Logging agent calls is proving valuable for developers and end users. A healthy set of tools now read session logs and give you search, analytics, token accounting, and replay over them: [agentsview](https://www.agentsview.io) ([kenn-io/agentsview](https://github.com/kenn-io/agentsview), one I use and contribute to), [ccusage](https://github.com/ccusage/ccusage), and others. They all consume the JSONL transcripts.

AFM has no way to generate those logs outside of debugging, so users miss the benefit and there's no record to point these tools at. I propose AFM write the same JSONL shape those tools already read, so a local AFM session lands in a format that tooling already understands. (Format compatibility isn't the same as auto-ingestion: getting AFM sessions to show up in a given tool, with the right agent identity and per-message usage, is a small consumer-side step. That's mine to handle on the agentsview side, and it's separate from AFM's format.)

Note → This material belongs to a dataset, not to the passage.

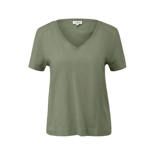 Deze kakigroene katoenen dames top van s.Oliver is een ontspannen basic voor elke dag. De V-hals met geribde rand en de subtiele pas aan de voorkant geven een rustige, vrouwelijke uitstraling. Dankzij de relaxed fit en het zachte jersey van 100% katoen voelt deze top luchtig aan en valt hij soepel om je lichaam, ideaal voor casual momenten in het voorjaar.Comfortabele details voor elke dag Relaxed fit voor een losse, comfortabele pasvorm Gemaakt van 100% katoen voor een zachte touch op de huid Jersey met slubgaren voor een licht gemêleerde, levendige structuur V-hals met geribde rand zorgt voor een mooie, open halslijn Korte rechte mouwen, prettig voor het lente- en zomerseizoen Effen kakigroene kleur, makkelijk te combineren in je garderobeCasual styling in kakigroenDeze top past goed bij een casual jeans of een luchtige chino. Voor een relaxte dag combineer je hem met sneakers en een vest, op warmere dagen draag je hem simpel met een short en sandalen. De effen kleur maakt het eenvoudig om accessoires toe te voegen, van een subtiele ketting tot een opvallende tas.s.Oliver: dagelijkse mode met aandacht voor details.Oliver brengt moderne, toegankelijke mode die gemakkelijk te stylen is. Met aandacht voor pasvorm en comfortabele materialen biedt het merk kledingstukken die geschikt zijn voor dagelijks gebruik. Deze top sluit daarop aan en is een praktische basic voor je vaste rotatie.Een rustige, zachte basis waarmee je zonder moeite een ontspannen, alledaagse look creëert.

Note: I think the opportunity is much bigger in gateway mode, where AFM fronts the Foundation model, MLX, and proxied backends under one surface. That makes it the best place to capture local traffic in one consistent format. This proposal starts with AFM's own inference, Foundation and MLX. Recording the gatewayed backends is the natural next step.

## Summary

`--record` is available on `afm`, `afm serve`, and `afm mlx`. When set, the server writes one `<sessionId>.jsonl` file per session to a transcript directory (`--transcript-dir`, default `~/.afm/sessions`). Without the flag, no recorder exists and no directory is touched.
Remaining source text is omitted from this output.